A self case study in deep learning based computer vision. Transfer Learning with VGG16, ResNet50, Inception_V3 and MobileNet.
- The dataset can be obtained from Kaggle : https://www.kaggle.com/puneet6060/intel-image-classification
- This Data contains around 25k images of size 150x150 distributed under 6 categories.
- The categories are 'buildings', 'forest', 'glacier' , 'mountain' , 'sea', 'street'.
- The Train, Test and Prediction data is separated in each zip files. There are around 14k images in Train, 3k in Test and 7k in Prediction.
- The Train and Test images are grouped in folders according to their classes and hence ImageDataGenerated gets hold of their class labels.
- The images from test folder are used for validation during training.
- Prediction images are not grouped in folders according to their classes and hence we can not calculate test accuracy using these images.
- Prediction images are used to check predictions on individual images.
- All images are of size 150 x 150.
Its a multiclass classification problem with six classes in Intel image scene dataset.
Different preprocessing is done for different models
- Data Augmentation is used for VGG16, Inception and mobileNet.
- For ResNet50 the in built preprocessing provided by tf.keras.applications.resnet.preprocess_input is used.
- The Data Augmentation, when used, is applied only to train set and not to validation and test set.
- Rescaling to 1/255 is done for all sets
- Batch sizes used are : ResNet-256, mobileNet-128, Inception-128, VGG16-256.
- Pretrained models having imagenet weights are used with transfer learning.
- Modeling is done with VGG16, ResNet50, Inception_V3 and MobileNet.

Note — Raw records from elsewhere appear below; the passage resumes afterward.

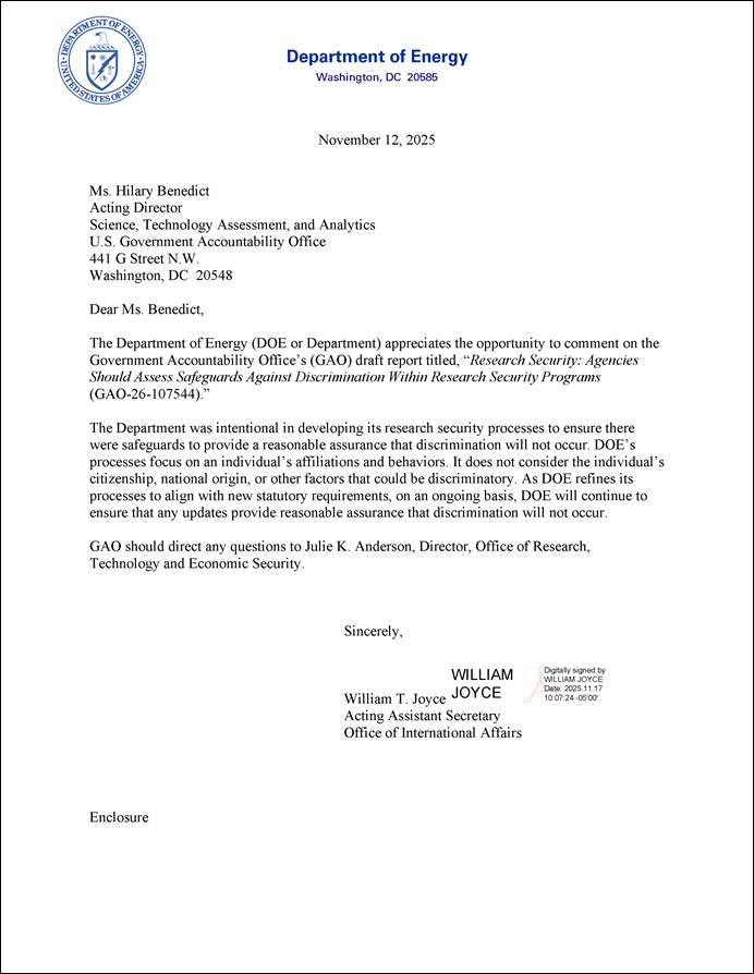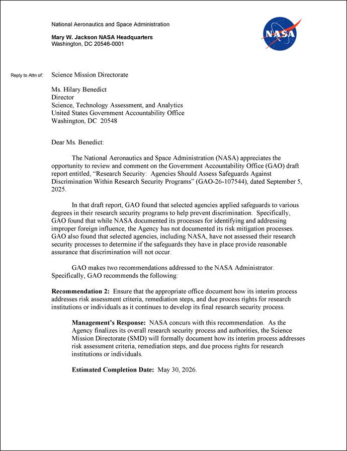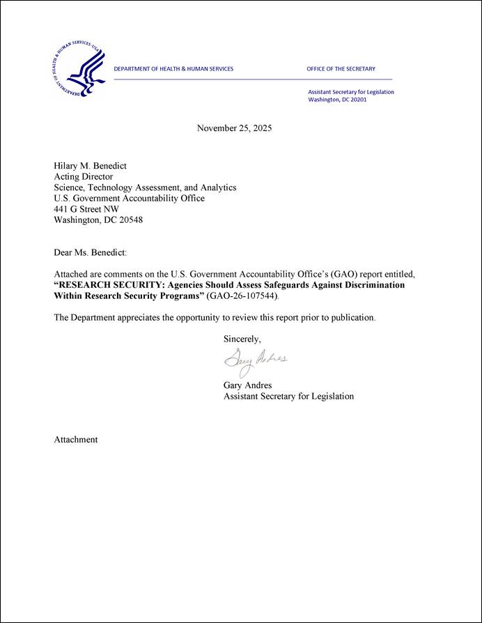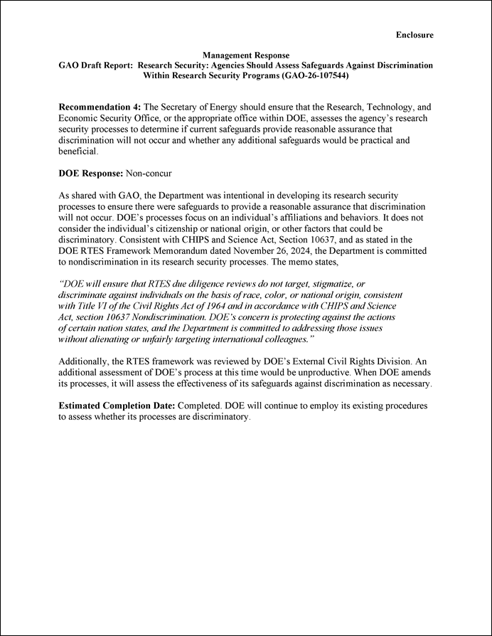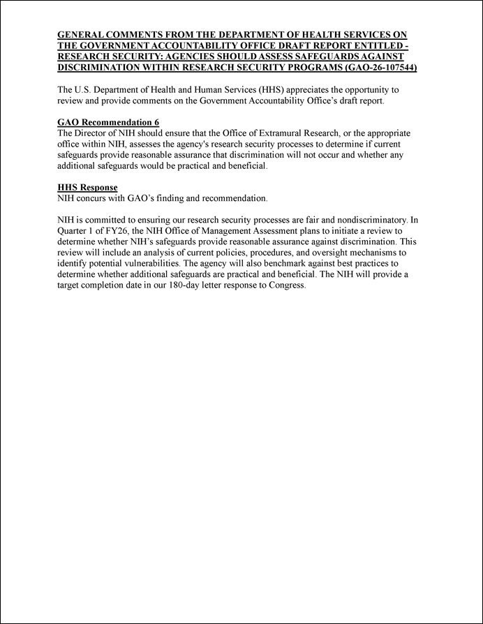 You asked us to examine whether federal agencies ensure that research security reviews are free from discrimination. In this report, we assessed the extent to which selected agencies have implemented safeguards to prevent discrimination in research security processes.
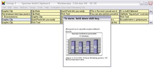 Spartan Multi Clipboard — утилита для управления буфером обмена, позволяющая восстанавливать из него текстовую и графическую информацию. Она может хранить до 150 фрагментов данных, но активными являются лишь последние 25 (они отображаются в верхней части окна программы), а любой из остальных может быть извлечен из раздела Clipboard программы путем копирования. Отдельные фрагменты для дальнейшего использования несложно перенести в конкретные группы (всего предусмотрено применение 20 групп), информация в которых автоматически сохраняется на диске и не перезаписывается.
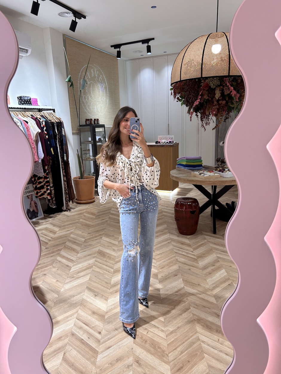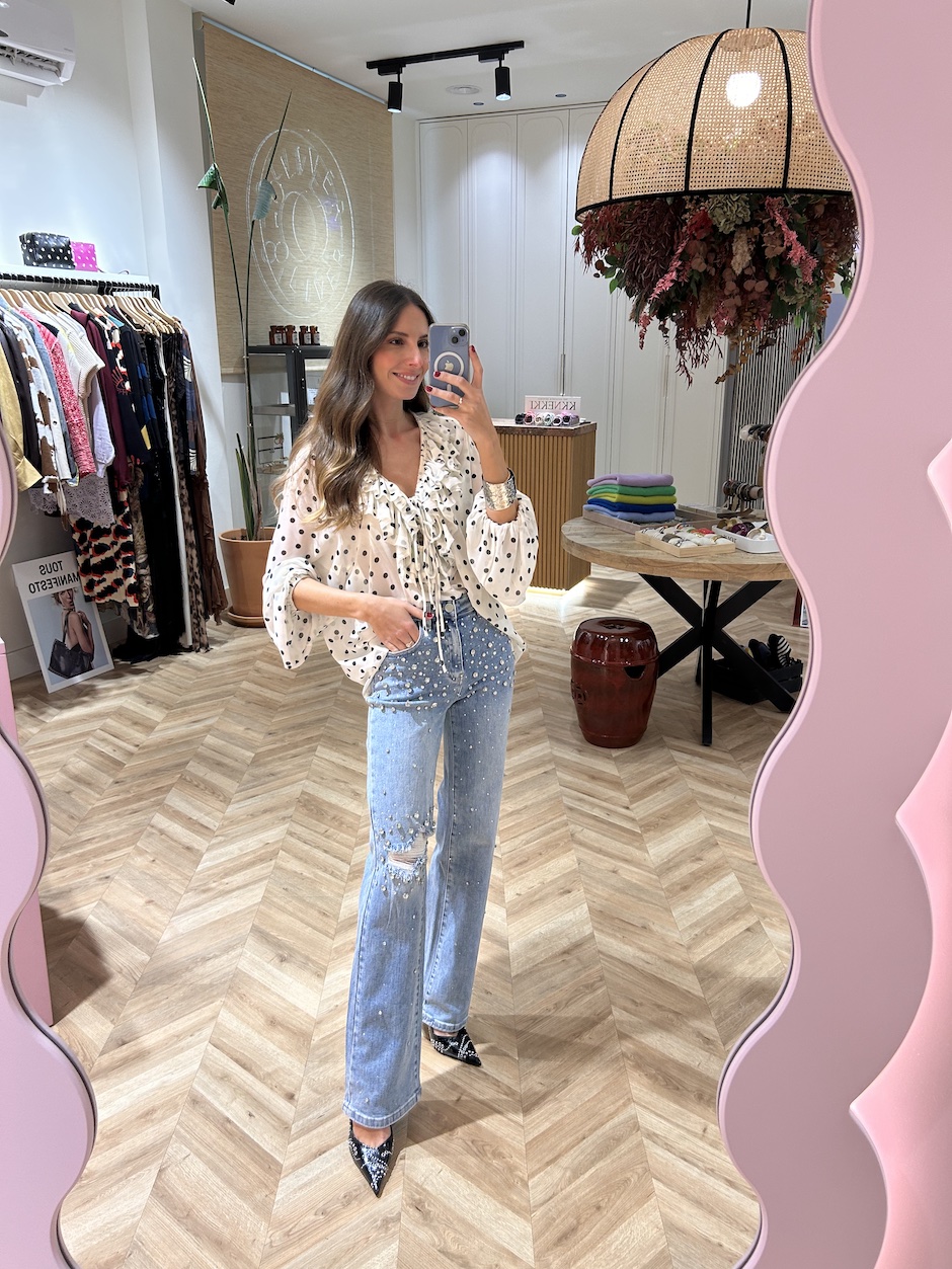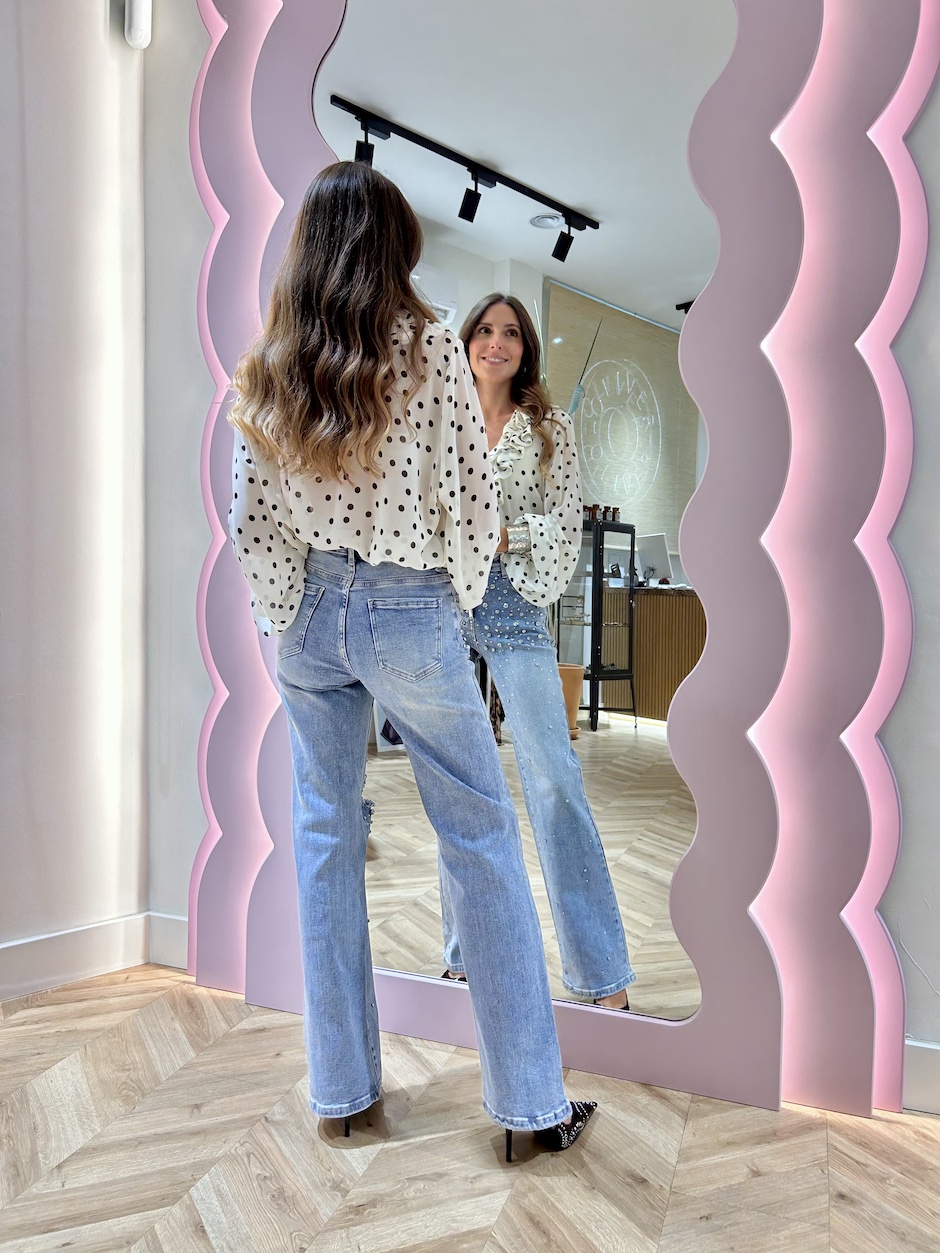 Jeans con cinco bolsillos de tiro alto con trabillas en cintura. Cierre en delantero con cremallera y botón. Detalle de aplicaciones joya en delantero, con rotos en rodilla.
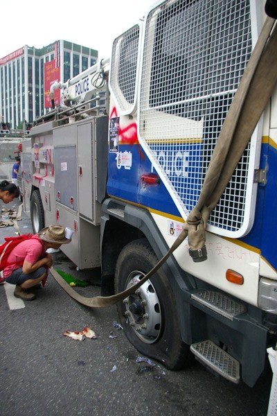 앞서 오후 5시 40분경에는 시청 부근 국가인권위원회와 재능교육 건물 사이에 주차돼 있던 경찰 살수차량 두 대의 물을 시민들이 빼내는 일도 있었다. 시민들은 살수차량에 연결돼 있던 소화전과의 연결 호스를 풀고 파이프를 열어 물을 빼냈다. 살수차 타이어의 바람을 빼고, 달려 있던 CCTV에는 스프레이칠을 해 놓기도 했다.
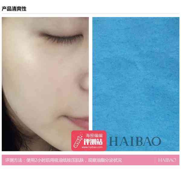 评测结果:夏天天气炎热,脸部很容易出油脱妆影响妆感,在脸部涂抹好婷美小屋水亮焕采气垫BB霜,待使用后2小时用吸油纸按压肌肤,吸油纸上并没有明显的印记残留,油脂分泌很少,补水效果较好不油腻,说明其清爽性很好。
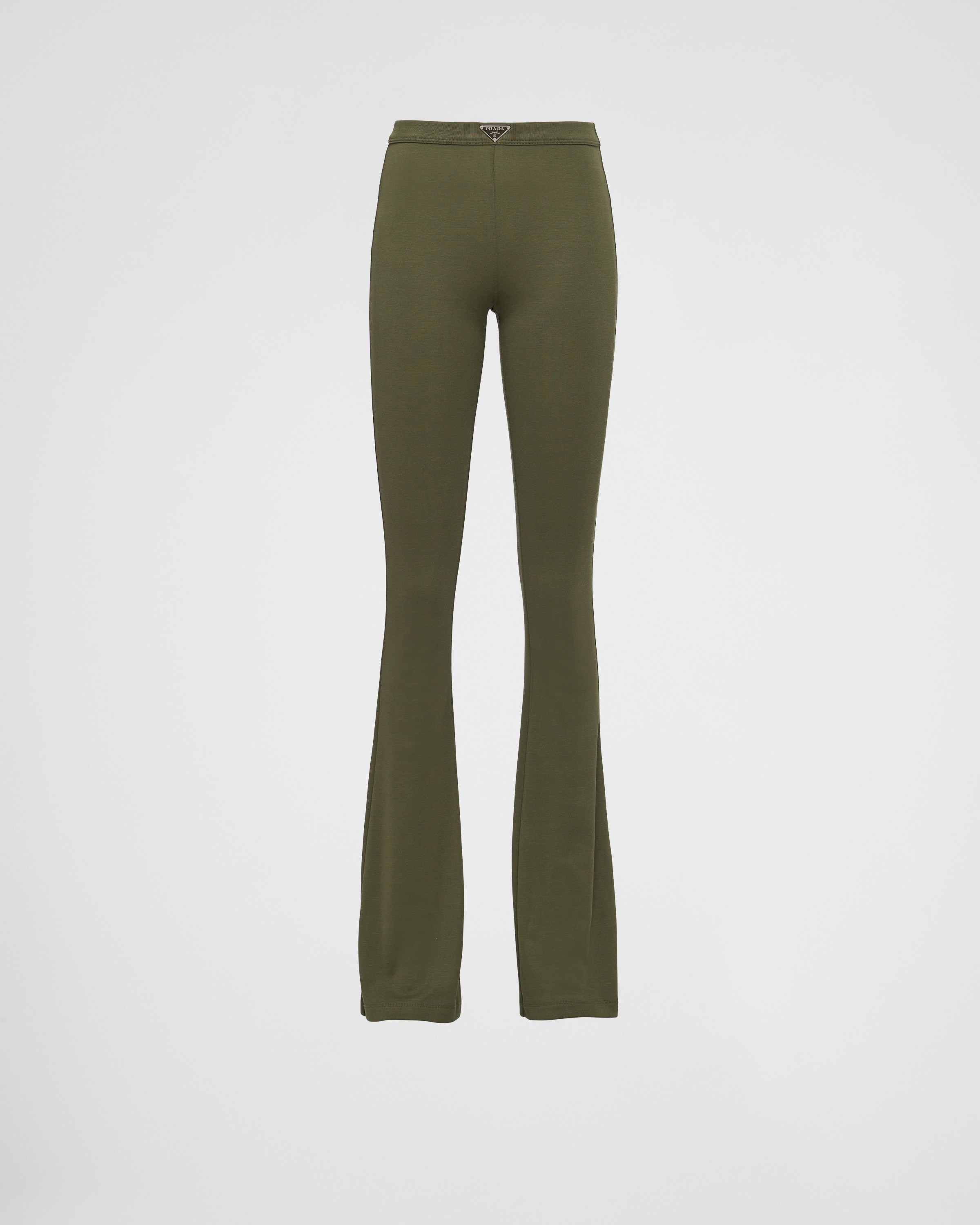 These cotton pants characterized by the ribbed knit has a skinny fit that culminates in a wide flared hem. The enameled metal triangle logo embellishes the casual style with an iconic touch. - Product code: 32154_14L0_F0334_S_OOO - Flared leg - Enameled metal triangle logo - Elasticized waistband - Imported Height: 115cm MATERIALS Main material: 100% cotton
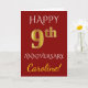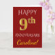 Este diseño simple y personalizado de tarjeta de felicitación de aniversario de boda presenta el mensaje "FELIZ 9º ANIVERSARIO", con el "9º" teniendo una apariencia similar al oro falso. La parte delantera también presenta un nombre personalizado y un fondo de color rojo. El interior presenta un mensaje de felicitación de aniversario de boda personalizado. Podría darse a un esposo o una esposa en celebración del noveno aniversario de boda de la pareja. [~Z0000078]
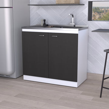 Dark Walnut Rectangle 2 Door Utility Sink And Cabinet Black Particle Board
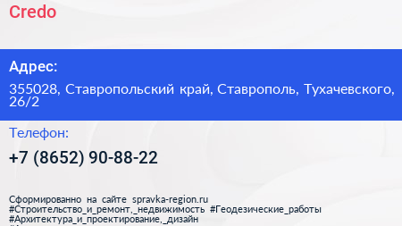 Credo по адресу 355028, Ставропольский край, Ставрополь, Тухачевского, 26/2 в дальнейшем Организация, размещена в следующих категориях:
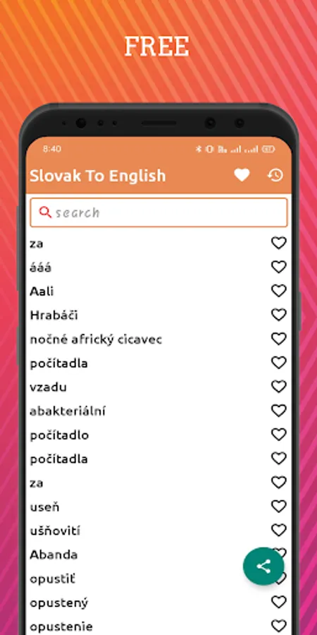 You can have a most loved rundown in the Slovak -English dictionary moreover. The Slovak Words which will turn into your top choice during the utilization of the application, you can keep them as your favorite ones. In the Right hand of each word, a straightforward heart-molded symbol is there. Tap on the heart symbol and see it becoming red in shading actually like Insta.
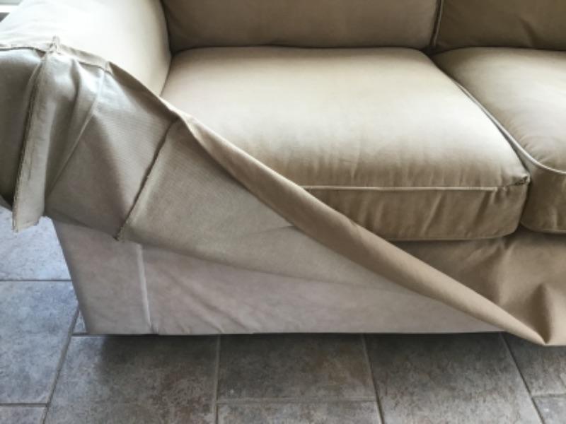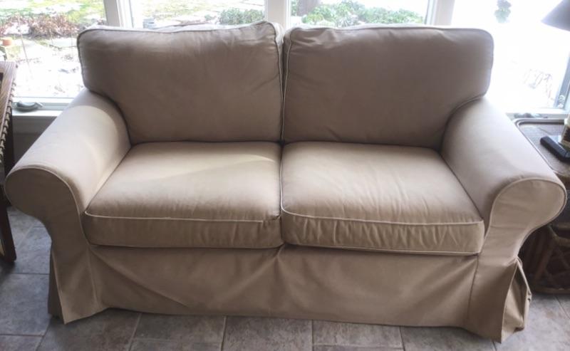 IKEA Loveseat ( cream colored originally ), has a tan colored slipcover, the back cushions are not attached,
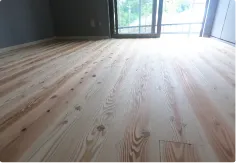大分県津久見市の天然素材でできた漆喰の壁に、床はうづくり仕上げの日田杉を使っていて、居心地がいい空間です。
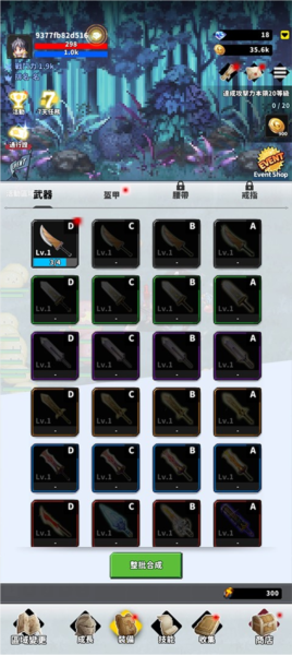 3.在闯关的过程中,装备也是必不可少的一环,我们可以直接添加武器进行合成,然后直接进行装备使用;
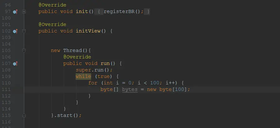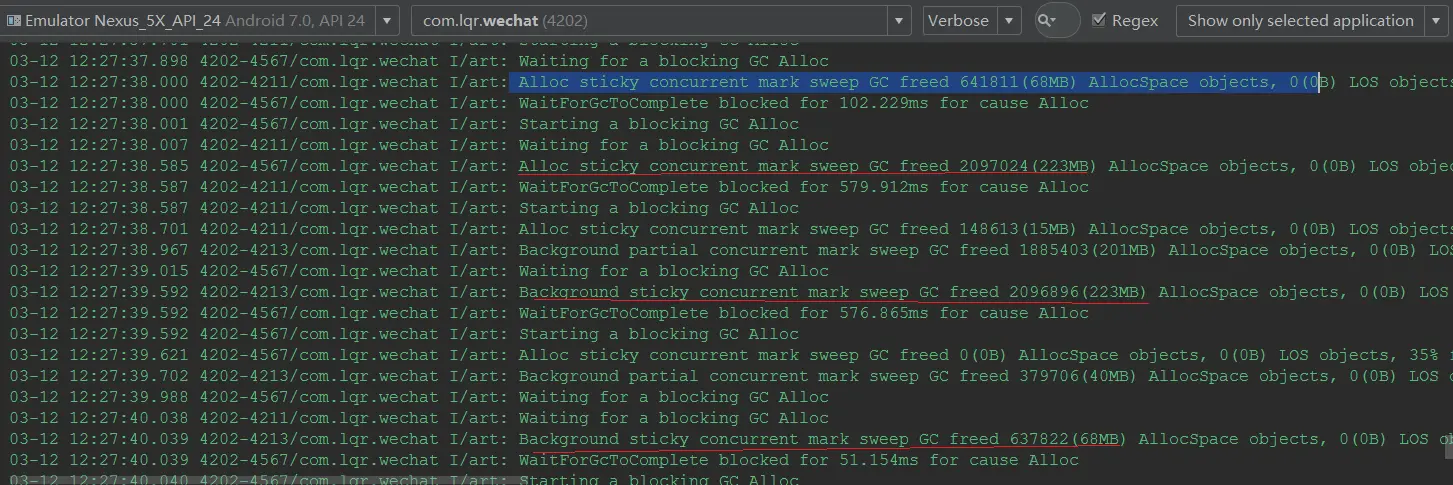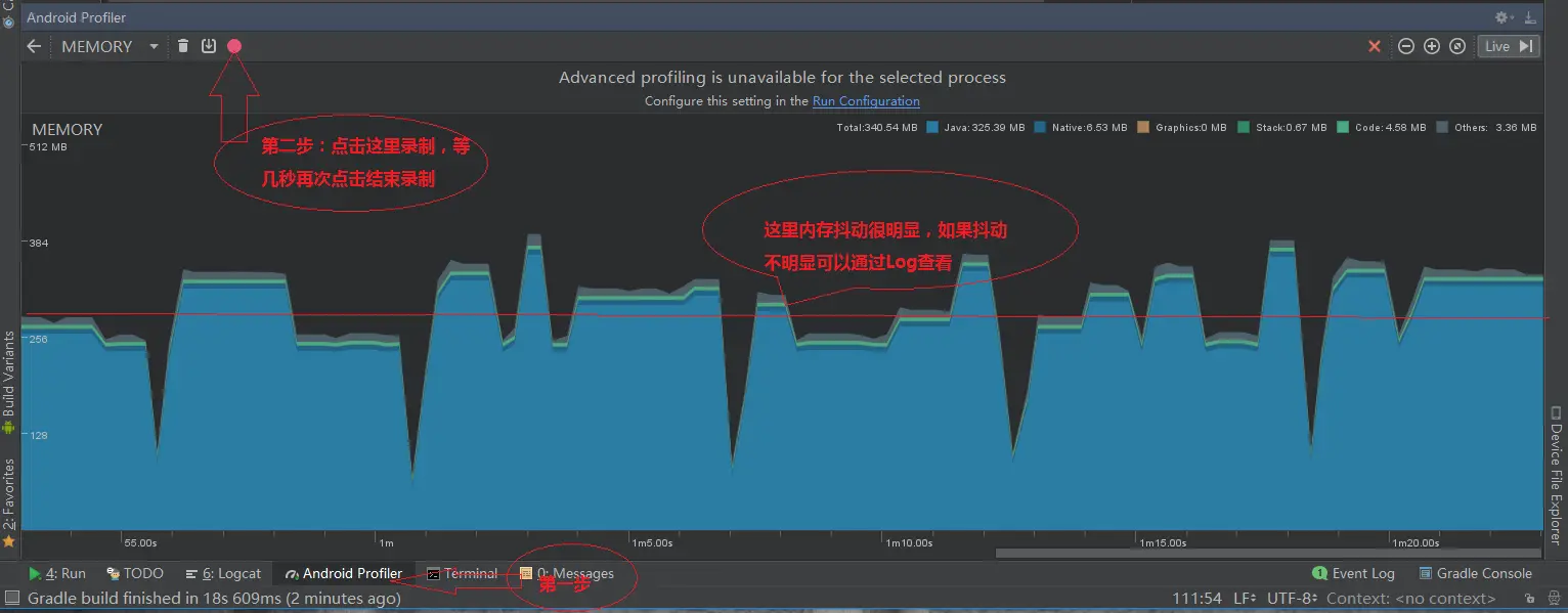 Android 内存抖动 ___f 2018-03-12 349 阅读1分钟 内存抖动是指内存频繁的分配和回收内存,而频繁的gc会导致卡顿,严重时一样会导致OOM。Android 使用分代收集算法(主要使用CMS垃圾收集器),使用的标记清除算法,所以会产生内存碎片。检测优化内存抖动:运行app,打开Android Profiler ,也可以在Log中查看可以看到GC一直在回收录制完成后的界面,根据第1 2 3不找到对应的MainActivity中的一个内部类,双击会直接跳到对应行这下面是我自己写的一个内存抖动列子。

- All the layers except last few layers of the model are frozen.
- The top layer of the model is not used. Instead, a dense layer with 6 units and softmax activation is used.
- VGG16 took the longest to train while mobileNet is the quickest.
- Accuracy and loss plots along with Confusion matrix is plotted for all models.
- Validation accuracies are as follows
- The predictions on test images are not so good for Inception_V3 and mobileNet models.
- VGG16 and ResNet have performed really well on test images.